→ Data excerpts
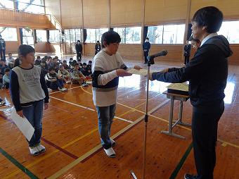 また、大縄記録会の後に全校表彰を行いました。「小さな親切標語」、理科展や読破賞、書き初め展など、友達の良さをみんなで祝福しました。
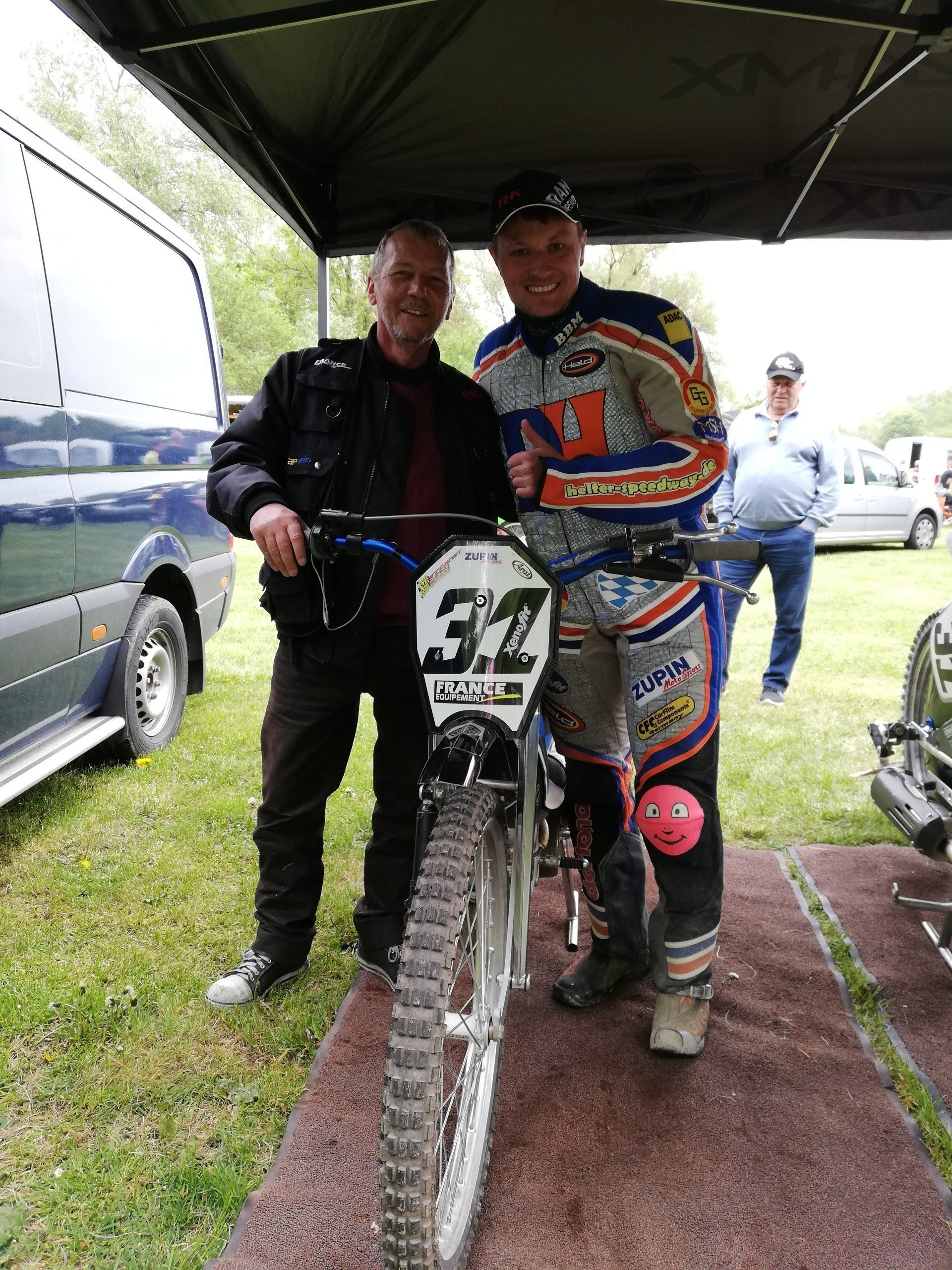 Alles fertig eingeladen, auch der Motor wurde noch rechtzeitig fertig, ging es dann am Mittwoch, 29.05.19 nach einem gemütlichen Frühstück nach Herxheim. Dort angekommen bezogen wir erstmal unsere Zimmer in der Pension in der wir jedes Jahr wieder sind, anschließend ging es dann zur Bahn. Dort trafen wir bei perfekten Wetter auf eine bestens präparierte Bahn und Dennis freute sich schon auf das Training. Dennis ging mit seinem zweiten Langbahnmotor ins Training fand sofort eine gute und schnelle Linie, denn wie er selber sagt ist Herxheim eine seiner Lieblingsbahnen. Als er jedoch aus dem Training kam vernahm jeder von uns ein unangenehmes klappern, welches vom Motor zu kommen scheint. Dennis entschied sofort das der Motor raus muss und schnellstmöglich der andere Motor mit den frisch eingeschliffenen Ventilen rein. Nun musste es schnell gehen. Dennis wollte das zweite Training schon mit dem Motor fahren, um zu schauen ob er wieder die volle Leistung hatte. Schnell bauten wir den Motor aus und den Motor, den wir erst am Dienstag abend wieder zusammengebaut haben ein. Dennis konnte das 2. Training fahren und das auch noch ganz alleine denn scheinbar wollte keiner mehr mit raus fahren. Dennis war fertig mit seinem Training wollte umdrehen und zurück ins Fahrerlager und schon blockierte alles, der nächste Schock, ist es vielleicht das Getriebe? Als wir dann aber als erstes (wie immer) die Kupplung kühlten, stellten wir das Problem sofort fest, der Zahnriemen ist total streng und das zweite Übel und der eigentliche Auslöser für das Problem, der Segerring wurde vom Pulli herunter geschoben und verkeilte sich zwischen Riemen und Kupplungskorb. Wieder begann ein großer Workshop und Dennis verlor langsam die Zuversicht auf ein gutes Ergebnis und auch seine gute Laune wich nun gänzlich. Allerdings war er mit der Motorleistung wieder zufrieden. Wir entschieden uns sicherhaltshalber den ganz neuen Pulli vom Ersatzmotorrad sowie einen neuen Riemen auf das Einsatzmotorrad zu bauen, da dieser noch nicht so eingearbeitet war. Nach einer langen Pause, in der die GP-Fahrer Training fuhren, galt es nun das Pflichttraining zu absolvieren und anschließend den 1. Lauf. Nun lief es endlich wieder für Dennis. Er konnte sein Pflichttraining gewinnen und im 1. Lauf wurde er hinter dem starken Franzosen Steven Goret zweiter. Somit war der erste Tag beendet. Am Donnerstag ging es dann gleich in der früh weiter mit Lauf drei und vier, die Dennis beide für sich entscheiden konnte. Auch Goret konnte seine zwei Läufe für sich entscheiden und somit sah es vor dem Finale, welches am Nachmittag zwischen dem GP gefahren wurde, folgendermaßen aus: An der Spitze Goret mit 15 Punkten gefolgt von Dennis 14, Drofa 12, Comblon 11, Timo Wachs 8 und Trapp 6. Also hieß es volle Attacke nach vorne. Nachdem der erste Start wegen eines Sturzes in der ersten Kurve abgebrochen wurde, bei dem Dennis hinter Drofa auf P2 war, gab es einen Neustart. An dieser Stelle ein Dank an das gesamte Team um Pepe France, welches uns auf der Bahn unterstützt hatte um alles für den Restart fertig zu machen. Dennis kam von Startplatz blau wieder gut weg, aber auch Drofa von rot und Goret von weiß kamen sehr gut weg und es gab über vier Runden einen Dreikampf. Dennis war ausgangs der ersten Kurve hinter Drofa auf P2. In der Spitzkehre konnte Dennis ein paar Meter auf Drofa gut machen aber Goret kam ganz außen und ging an uns beiden vorbei. Zum Ende der zweiten Runde konnte Dennis dann in der Spitzkehre an Drofa vorbei gehen und nahm die Verfolgung auf Goret auf. Dennis konnte sich noch etwas hinfahren was aber für einen Angriff nicht reichte und somit wurde er hinter Goret zweiter was auch in der Endabrechnung P2 bedeutete. „Ich bin mit dem Ergebnis nach den ganzen Problemen am Mittwoch voll zufrieden. Auch in der Wertung zur Süddeutschen Bahnmeisterschaft konnte ich die Maximale Punktezahl von 5 schreiben, da Goret als Franzose und somit als „Ausländer“ rausgewertet wird“, so Dennis nach dem Rennen.
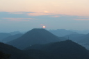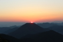 |  今朝(R7/9/8)の金華山上空は晴れ、頂上の温度計は26℃を指していました。日の出は山の稜線にかかった黒いガスの中からでした。 皆既月食が幻想的でした。  |
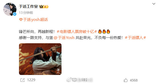 电影官微及于适工作室同步发布票房破10亿海报,强调"江湖浩大,前路可期";
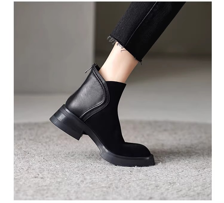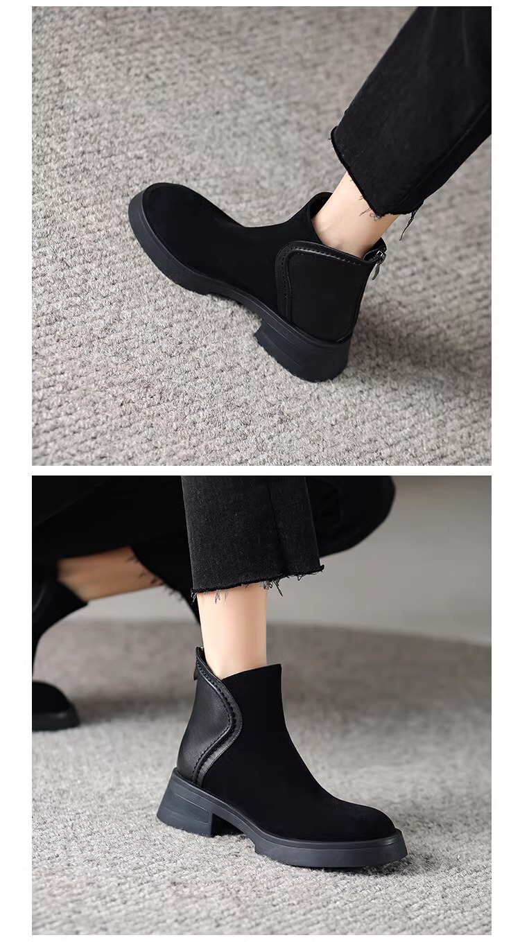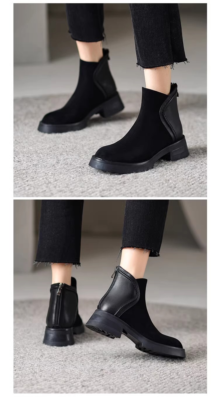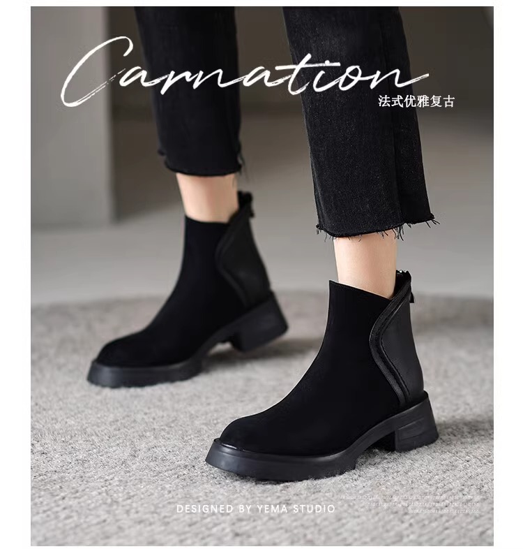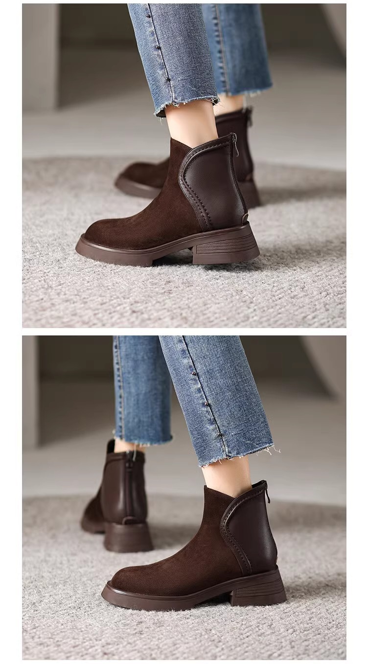 영국풍 무광 숏부츠 여성용 두꺼운 밑창 가을 겨울 신상 천연 가죽 스웨이드 다용도 마틴부츠 굽높이 중간스토어 가기
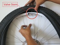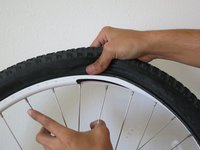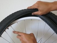 Starting by placing the valve stem into the hole in the rim, begin pushing the tube into and under the tire. Then continue all the way around the tire.
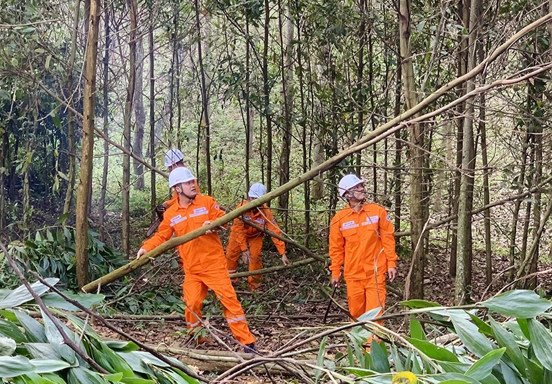 Công nhân Công ty Điện lực Thanh Hóa chặt tỉa cây giải phóng hành lang, đảm bảo an toàn lưới điện. |

→ What you have to do
Give every line above again exactly, with no pictures.

→ Task response
 また、大縄記録会の後に全校表彰を行いました。「小さな親切標語」、理科展や読破賞、書き初め展など、友達の良さをみんなで祝福しました。
 Alles fertig eingeladen, auch der Motor wurde noch rechtzeitig fertig, ging es dann am Mittwoch, 29.05.19 nach einem gemütlichen Frühstück nach Herxheim. Dort angekommen bezogen wir erstmal unsere Zimmer in der Pension in der wir jedes Jahr wieder sind, anschließend ging es dann zur Bahn. Dort trafen wir bei perfekten Wetter auf eine bestens präparierte Bahn und Dennis freute sich schon auf das Training. Dennis ging mit seinem zweiten Langbahnmotor ins Training fand sofort eine gute und schnelle Linie, denn wie er selber sagt ist Herxheim eine seiner Lieblingsbahnen. Als er jedoch aus dem Training kam vernahm jeder von uns ein unangenehmes klappern, welches vom Motor zu kommen scheint. Dennis entschied sofort das der Motor raus muss und schnellstmöglich der andere Motor mit den frisch eingeschliffenen Ventilen rein. Nun musste es schnell gehen. Dennis wollte das zweite Training schon mit dem Motor fahren, um zu schauen ob er wieder die volle Leistung hatte. Schnell bauten wir den Motor aus und den Motor, den wir erst am Dienstag abend wieder zusammengebaut haben ein. Dennis konnte das 2. Training fahren und das auch noch ganz alleine denn scheinbar wollte keiner mehr mit raus fahren. Dennis war fertig mit seinem Training wollte umdrehen und zurück ins Fahrerlager und schon blockierte alles, der nächste Schock, ist es vielleicht das Getriebe? Als wir dann aber als erstes (wie immer) die Kupplung kühlten, stellten wir das Problem sofort fest, der Zahnriemen ist total streng und das zweite Übel und der eigentliche Auslöser für das Problem, der Segerring wurde vom Pulli herunter geschoben und verkeilte sich zwischen Riemen und Kupplungskorb. Wieder begann ein großer Workshop und Dennis verlor langsam die Zuversicht auf ein gutes Ergebnis und auch seine gute Laune wich nun gänzlich. Allerdings war er mit der Motorleistung wieder zufrieden. Wir entschieden uns sicherhaltshalber den ganz neuen Pulli vom Ersatzmotorrad sowie einen neuen Riemen auf das Einsatzmotorrad zu bauen, da dieser noch nicht so eingearbeitet war. Nach einer langen Pause, in der die GP-Fahrer Training fuhren, galt es nun das Pflichttraining zu absolvieren und anschließend den 1. Lauf. Nun lief es endlich wieder für Dennis. Er konnte sein Pflichttraining gewinnen und im 1. Lauf wurde er hinter dem starken Franzosen Steven Goret zweiter. Somit war der erste Tag beendet. Am Donnerstag ging es dann gleich in der früh weiter mit Lauf drei und vier, die Dennis beide für sich entscheiden konnte. Auch Goret konnte seine zwei Läufe für sich entscheiden und somit sah es vor dem Finale, welches am Nachmittag zwischen dem GP gefahren wurde, folgendermaßen aus: An der Spitze Goret mit 15 Punkten gefolgt von Dennis 14, Drofa 12, Comblon 11, Timo Wachs 8 und Trapp 6. Also hieß es volle Attacke nach vorne. Nachdem der erste Start wegen eines Sturzes in der ersten Kurve abgebrochen wurde, bei dem Dennis hinter Drofa auf P2 war, gab es einen Neustart. An dieser Stelle ein Dank an das gesamte Team um Pepe France, welches uns auf der Bahn unterstützt hatte um alles für den Restart fertig zu machen. Dennis kam von Startplatz blau wieder gut weg, aber auch Drofa von rot und Goret von weiß kamen sehr gut weg und es gab über vier Runden einen Dreikampf. Dennis war ausgangs der ersten Kurve hinter Drofa auf P2. In der Spitzkehre konnte Dennis ein paar Meter auf Drofa gut machen aber Goret kam ganz außen und ging an uns beiden vorbei. Zum Ende der zweiten Runde konnte Dennis dann in der Spitzkehre an Drofa vorbei gehen und nahm die Verfolgung auf Goret auf. Dennis konnte sich noch etwas hinfahren was aber für einen Angriff nicht reichte und somit wurde er hinter Goret zweiter was auch in der Endabrechnung P2 bedeutete. „Ich bin mit dem Ergebnis nach den ganzen Problemen am Mittwoch voll zufrieden. Auch in der Wertung zur Süddeutschen Bahnmeisterschaft konnte ich die Maximale Punktezahl von 5 schreiben, da Goret als Franzose und somit als „Ausländer“ rausgewertet wird“, so Dennis nach dem Rennen.
 |  今朝(R7/9/8)の金華山上空は晴れ、頂上の温度計は26℃を指していました。日の出は山の稜線にかかった黒いガスの中からでした。 皆既月食が幻想的でした。  |
 电影官微及于适工作室同步发布票房破10亿海报,强调"江湖浩大,前路可期";
 영국풍 무광 숏부츠 여성용 두꺼운 밑창 가을 겨울 신상 천연 가죽 스웨이드 다용도 마틴부츠 굽높이 중간스토어 가기
 Starting by placing the valve stem into the hole in the rim, begin pushing the tube into and under the tire. Then continue all the way around the tire.
 Công nhân Công ty Điện lực Thanh Hóa chặt tỉa cây giải phóng hành lang, đảm bảo an toàn lưới điện. |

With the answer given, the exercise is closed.